— TASK DETAILS —
Print the records below exactly as they appear. Omit all pictures.

— DATA SECTION —
____________________

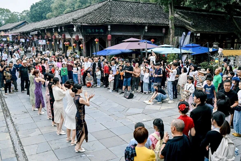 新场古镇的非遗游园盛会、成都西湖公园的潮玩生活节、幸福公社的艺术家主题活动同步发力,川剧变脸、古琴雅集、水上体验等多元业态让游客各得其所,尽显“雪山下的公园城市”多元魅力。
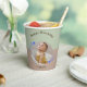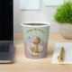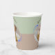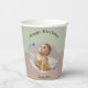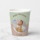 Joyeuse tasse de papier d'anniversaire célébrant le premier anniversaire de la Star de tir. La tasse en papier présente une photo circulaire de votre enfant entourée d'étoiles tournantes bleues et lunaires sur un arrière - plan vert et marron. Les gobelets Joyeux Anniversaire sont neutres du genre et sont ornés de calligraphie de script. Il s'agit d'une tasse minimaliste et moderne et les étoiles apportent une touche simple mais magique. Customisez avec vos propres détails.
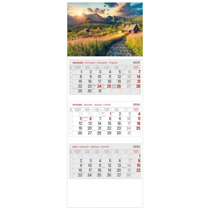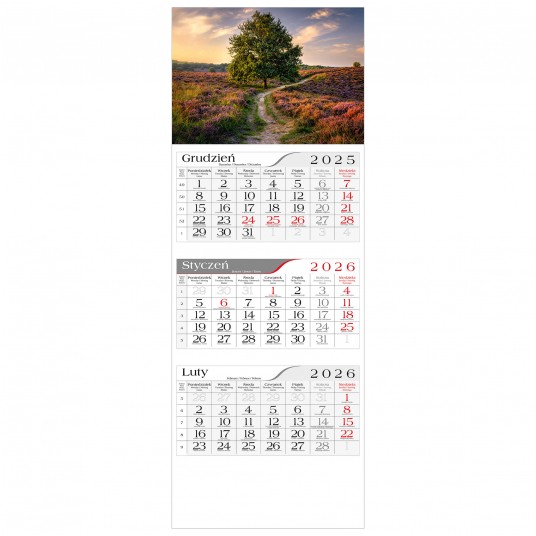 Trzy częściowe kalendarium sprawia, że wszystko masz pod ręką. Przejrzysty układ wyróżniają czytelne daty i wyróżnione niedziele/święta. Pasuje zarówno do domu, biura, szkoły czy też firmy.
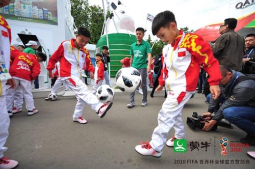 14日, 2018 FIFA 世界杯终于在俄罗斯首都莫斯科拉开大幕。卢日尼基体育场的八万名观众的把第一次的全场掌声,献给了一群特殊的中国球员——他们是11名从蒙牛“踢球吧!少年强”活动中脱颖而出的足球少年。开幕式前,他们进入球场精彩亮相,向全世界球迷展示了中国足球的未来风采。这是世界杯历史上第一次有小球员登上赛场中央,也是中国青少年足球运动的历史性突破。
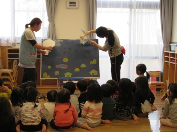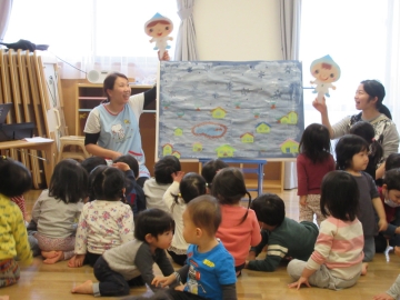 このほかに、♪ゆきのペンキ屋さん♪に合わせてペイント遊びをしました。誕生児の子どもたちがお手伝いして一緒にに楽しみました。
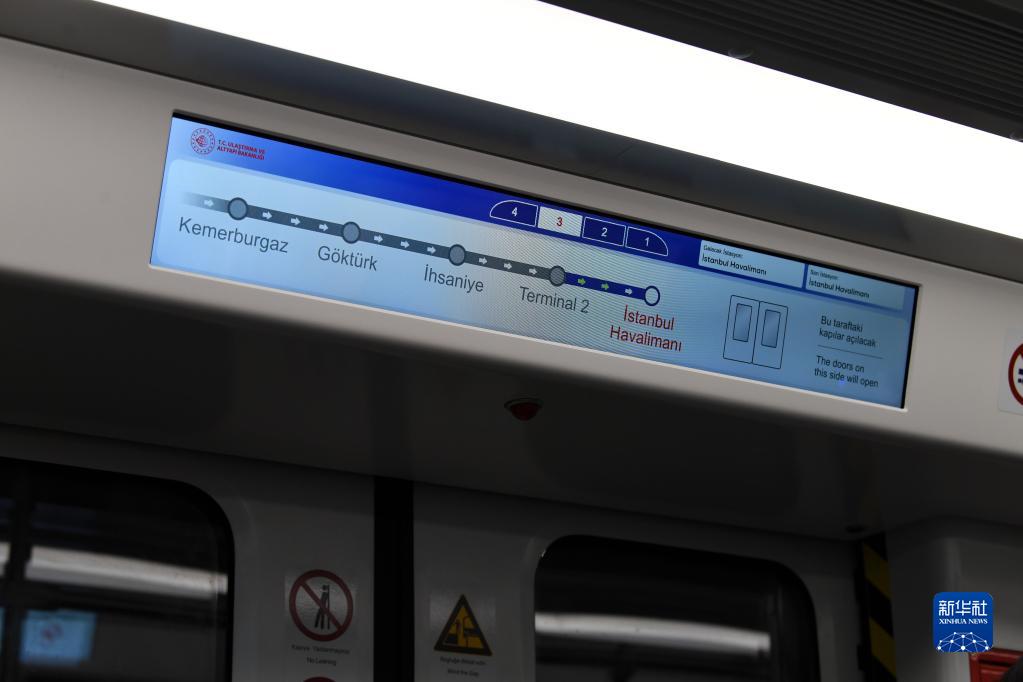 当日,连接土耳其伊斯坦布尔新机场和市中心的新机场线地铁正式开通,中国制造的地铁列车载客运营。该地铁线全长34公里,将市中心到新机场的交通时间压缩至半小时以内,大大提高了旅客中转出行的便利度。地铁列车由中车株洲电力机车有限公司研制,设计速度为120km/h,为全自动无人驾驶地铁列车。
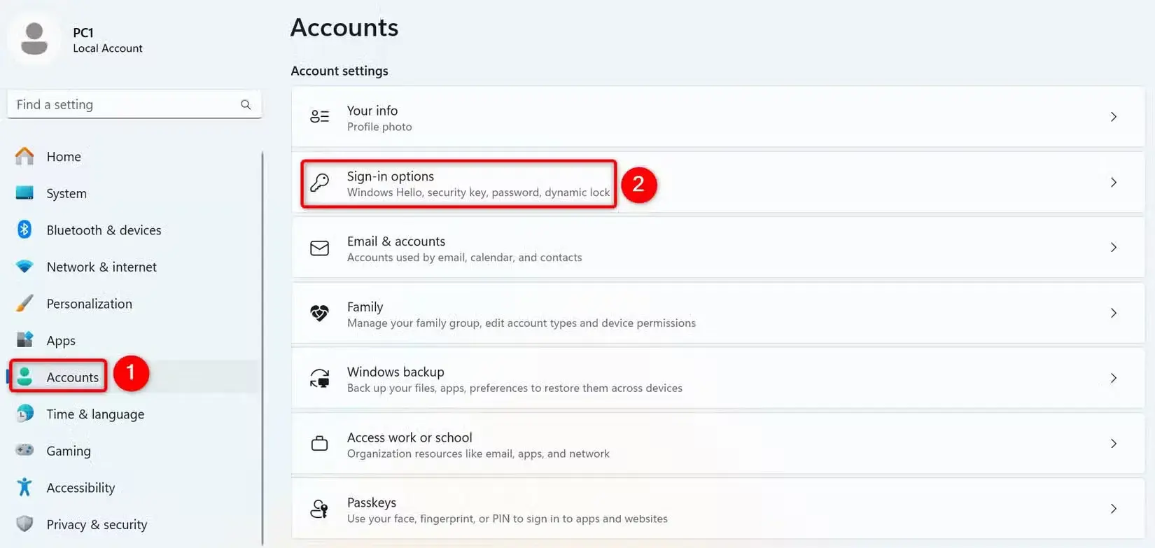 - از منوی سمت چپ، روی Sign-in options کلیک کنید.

____________________

— RESULT OF THIS TASK —
 新场古镇的非遗游园盛会、成都西湖公园的潮玩生活节、幸福公社的艺术家主题活动同步发力,川剧变脸、古琴雅集、水上体验等多元业态让游客各得其所,尽显“雪山下的公园城市”多元魅力。
 Joyeuse tasse de papier d'anniversaire célébrant le premier anniversaire de la Star de tir. La tasse en papier présente une photo circulaire de votre enfant entourée d'étoiles tournantes bleues et lunaires sur un arrière - plan vert et marron. Les gobelets Joyeux Anniversaire sont neutres du genre et sont ornés de calligraphie de script. Il s'agit d'une tasse minimaliste et moderne et les étoiles apportent une touche simple mais magique. Customisez avec vos propres détails.
 Trzy częściowe kalendarium sprawia, że wszystko masz pod ręką. Przejrzysty układ wyróżniają czytelne daty i wyróżnione niedziele/święta. Pasuje zarówno do domu, biura, szkoły czy też firmy.
 14日, 2018 FIFA 世界杯终于在俄罗斯首都莫斯科拉开大幕。卢日尼基体育场的八万名观众的把第一次的全场掌声,献给了一群特殊的中国球员——他们是11名从蒙牛“踢球吧!少年强”活动中脱颖而出的足球少年。开幕式前,他们进入球场精彩亮相,向全世界球迷展示了中国足球的未来风采。这是世界杯历史上第一次有小球员登上赛场中央,也是中国青少年足球运动的历史性突破。
 このほかに、♪ゆきのペンキ屋さん♪に合わせてペイント遊びをしました。誕生児の子どもたちがお手伝いして一緒にに楽しみました。
 当日,连接土耳其伊斯坦布尔新机场和市中心的新机场线地铁正式开通,中国制造的地铁列车载客运营。该地铁线全长34公里,将市中心到新机场的交通时间压缩至半小时以内,大大提高了旅客中转出行的便利度。地铁列车由中车株洲电力机车有限公司研制,设计速度为120km/h,为全自动无人驾驶地铁列车。
 - از منوی سمت چپ، روی Sign-in options کلیک کنید.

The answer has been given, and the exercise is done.